Nature Girl by Carl Hiaasen
For the uninitiated, Carl Hiaasen is a Florida journalist who has written a number of over the top comedic novels set in Florida.  He mercilessly skewers nearly everyone, but has a special hate on for developers and large corporations.   Ordinarily he structures the book as a mystery. He may need to return to that format, because Nature Girl is deeply, structurally flawed.  As in the 'bad guy' doesn't actually show up until halfway through the book.    For Hiaasen fans, there's still plenty of the usual weird screwed up characters, and bizarre over-the-top scenes.   But the plot kind of wanders around looking for itself through the first half of the book until all the characters meet halfway through.  The only people with actual motivations are the antagonists - one disgusting, one pathetic.  The most sympathetic character in the book is the title character's son, a teenage boy who spends relatively little time onstage. 

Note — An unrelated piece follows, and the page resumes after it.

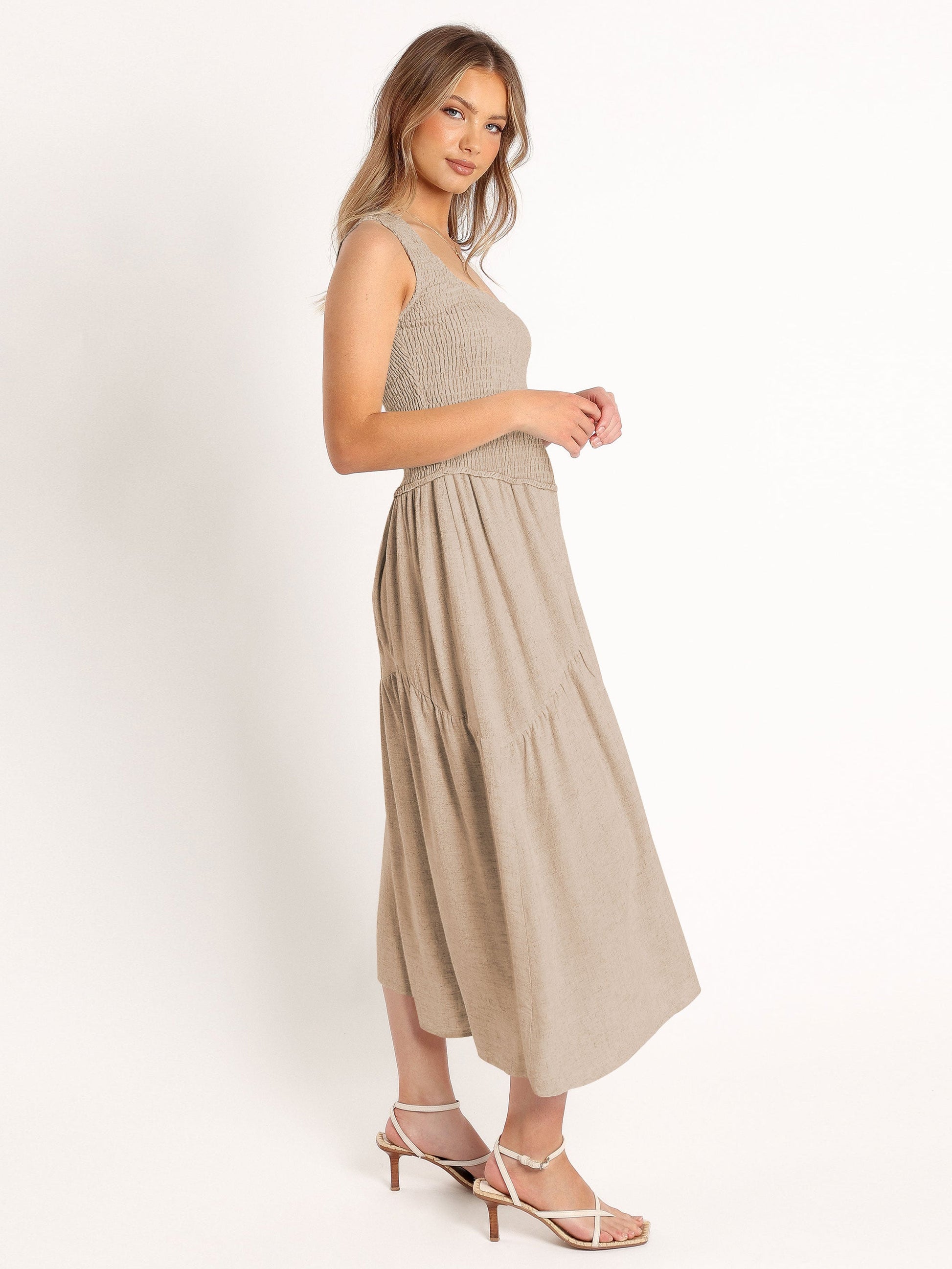 Channel your inner bohemian goddess with our Feminine Frills Smocked Maxi Dress in stunning neutral. Designed with delicate smocking and feminine frills, this dress is perfect for any occasion. Embrace your free-spirited style in comfort and style. (Now that's a dress worth twirling in!)

I'm frequently ambivalent about Hiaasen, as I tend to want to give even his sympathetic characters a boot in the rear.   This book didn't have enough plot to make me overlook the characters and the characters didn't make me care enough about them to forgive the weakness in plotting.   Not one of his better efforts.   (Note- Hiaasen is also not for the squeamish.  If you're not up for seeing bodies graphically decompose- sometimes while the inhabitant is still alive- you may prefer to avoid all but his YA books.)

No doubt I'll be adding to this- I'm a compulsive reader, and while my recent schedule has interfered with my reading time, I couldn't possibly stop entirely!